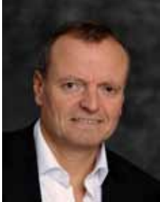
Prof. Dr. Dr. Manfred Spitzer Universität Ulm

Eine der großen Herausforderungen dieser Zeit für Unternehmen stellt die Sicherstellung der Leistungsfähigkeit sowie die optimale Nutzung der Potenziale der Mitarbeiter dar. Prof. Spitzer präsentiert neue und andere Antworten auf diese Herausforderungen vor dem Hintergrund der Gehirnforschung. Nach einer kurzen Einführung in einige Grundprinzipien der Gehirnfunktion wird es unter anderem um Fragen wie die folgenden gehen:
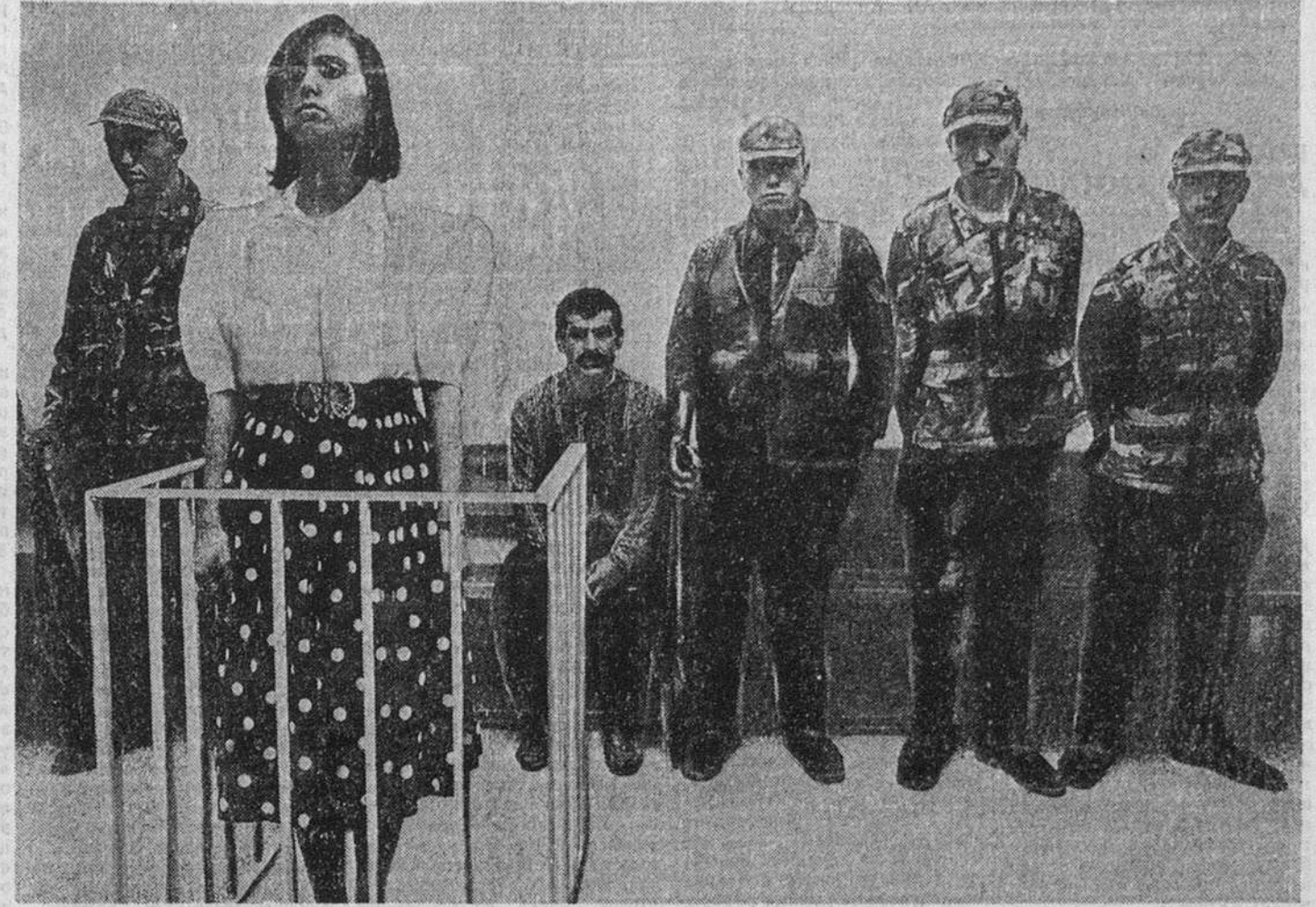
Эту женщину обвинили в том, что она боролась за независимый Курдистан. Приговор суда — 12,5 лет тюрьмы.

Калат Дияз был крупным торговым городом недалеко от границы с Ираном. Дух свободы, царивший в нем, раздражал иракских военных, поэтому они с помощью бульдозеров и взрывчатки сровняли его с землей, предварительно выселив жителей — около 70 тысяч человек. Но даже эта история меркнет перед трагедией Халабджи, которая для курдов означает примерно то же, что для евреев — варшавское гетто, а для басков — Герника. Поселок Халабджи обрел известность 16 марта 1988 года, когда был полностью уничтожен иракскими
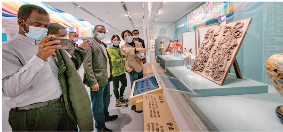
▲“感知中國”大型文化實踐課程現場

從蘆荻瑟瑟的古運河畔，到機器轟鳴的南水北調源頭泵站，再到河水浩渺的高郵湖上……日前，一場中國、蘇丹、埃及等10餘個國家近40名大學生共同參與的“感知中國”大型文化實踐課程在揚州拉
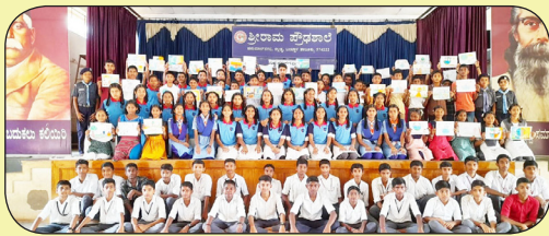
ವಿಶ್ವ-ಪರಿಸರ ದಿನಾಚರಣೆ 5.6.2023
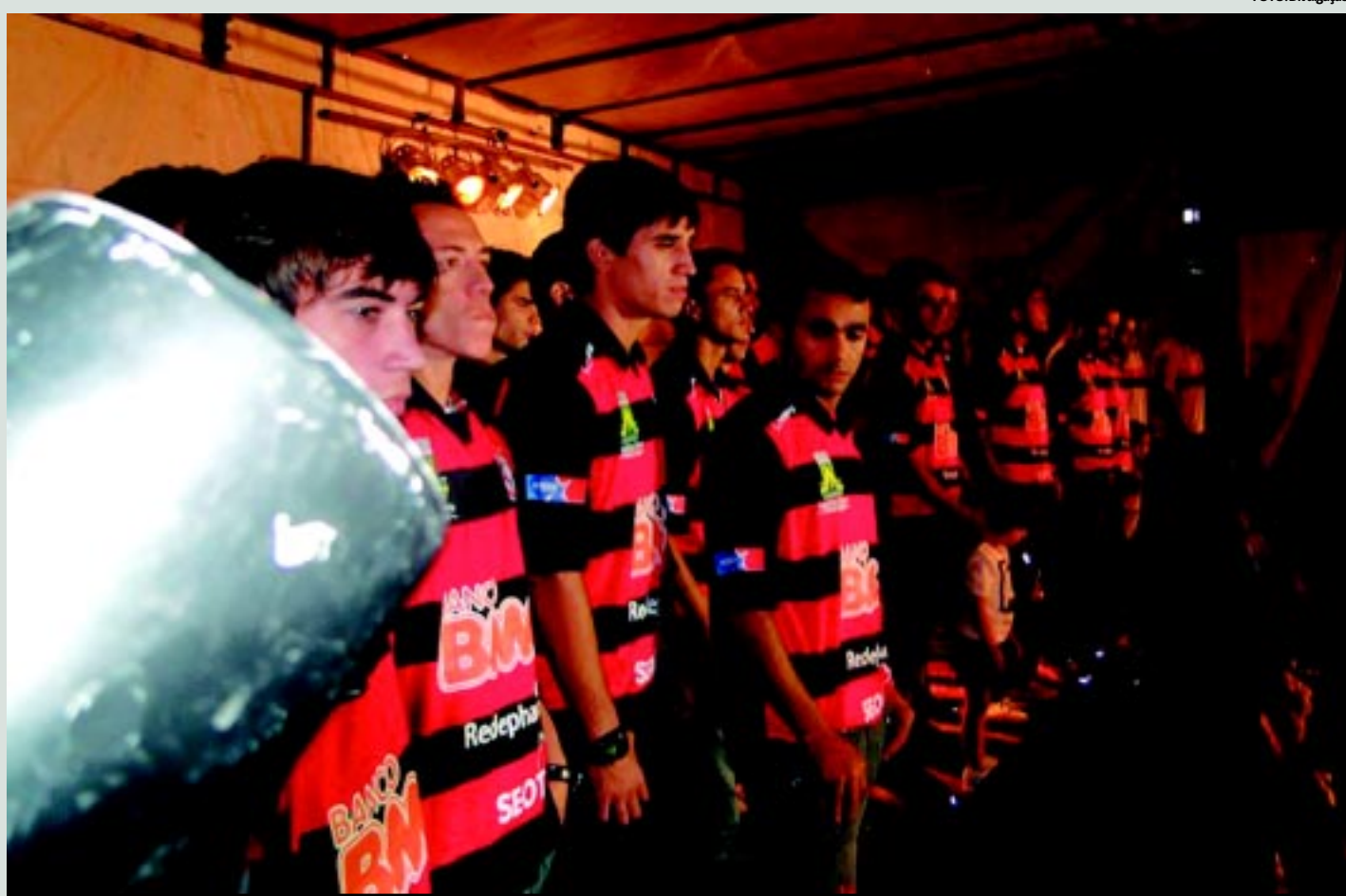
Os novos jogadores do Campinense para o Brasileiro da Série C foram apresentados na quarta-feira, 15, no estádio Renatão, em grande estilo
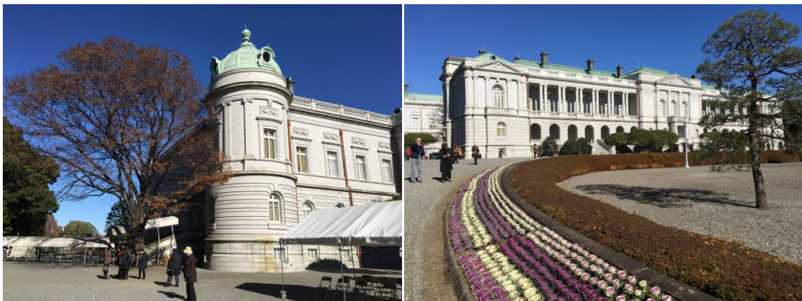
14、迎賓館主庭より本館
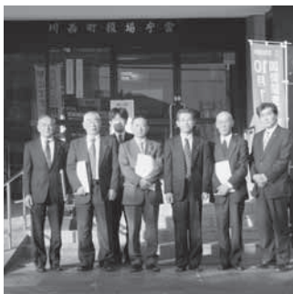
議会広報編集委員会

定例会一般質問終了後直ちに、編集日程や役割分担などを決定し、委員の皆さんが全面的に主体性をもって記事、執筆、編集等を担当し、短い期間の中でアドバイザーの方々と共に、町民に喜んで読んでいただける広報誌づくりに精進しているとのことでした。
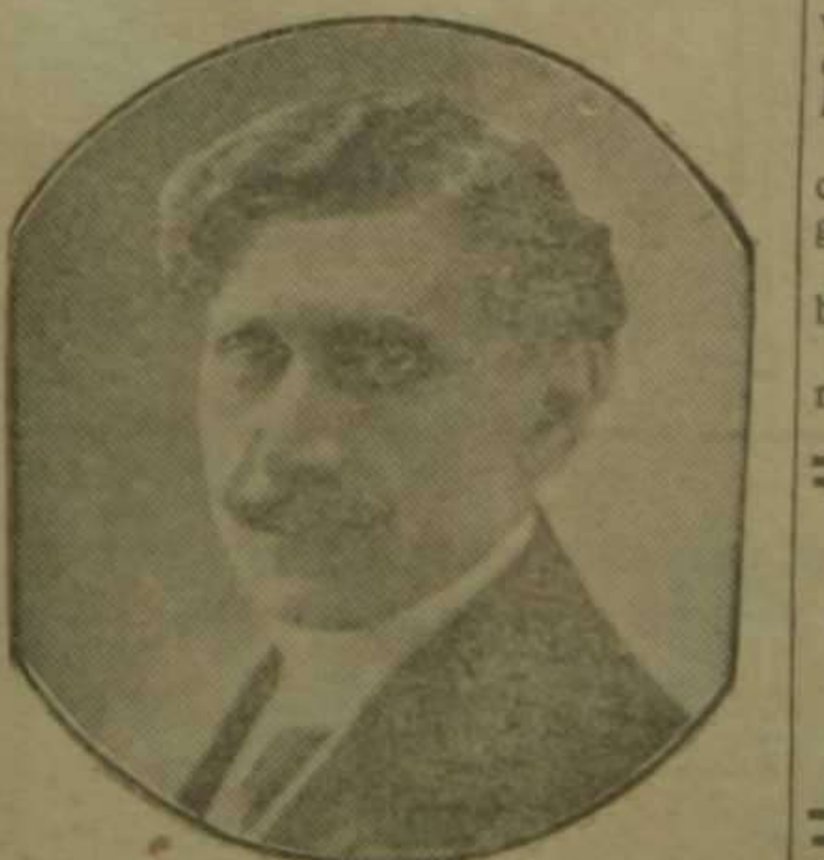
Onofroff Famoso hipnotizador, que debuta mañana en el teatro Apolo

Nada más elocuente y expresivo que este diálogo, en el que aparecen retratados de cuerpo entero la devoción y fe de un general desprecupado, y el desinieres de un humilde exclaustroado.

◇ ◇ ◇ ◇

Work to complete:
Take the material above from the line containing "Eine der großen" up to and including the line containing "Эту женщину обвинили" and retype it exactly, without any pictures.

Completed task:
Eine der großen Herausforderungen dieser Zeit für Unternehmen stellt die Sicherstellung der Leistungsfähigkeit sowie die optimale Nutzung der Potenziale der Mitarbeiter dar. Prof. Spitzer präsentiert neue und andere Antworten auf diese Herausforderungen vor dem Hintergrund der Gehirnforschung. Nach einer kurzen Einführung in einige Grundprinzipien der Gehirnfunktion wird es unter anderem um Fragen wie die folgenden gehen:
Эту женщину обвинили в том, что она боролась за независимый Курдистан. Приговор суда — 12,5 лет тюрьмы.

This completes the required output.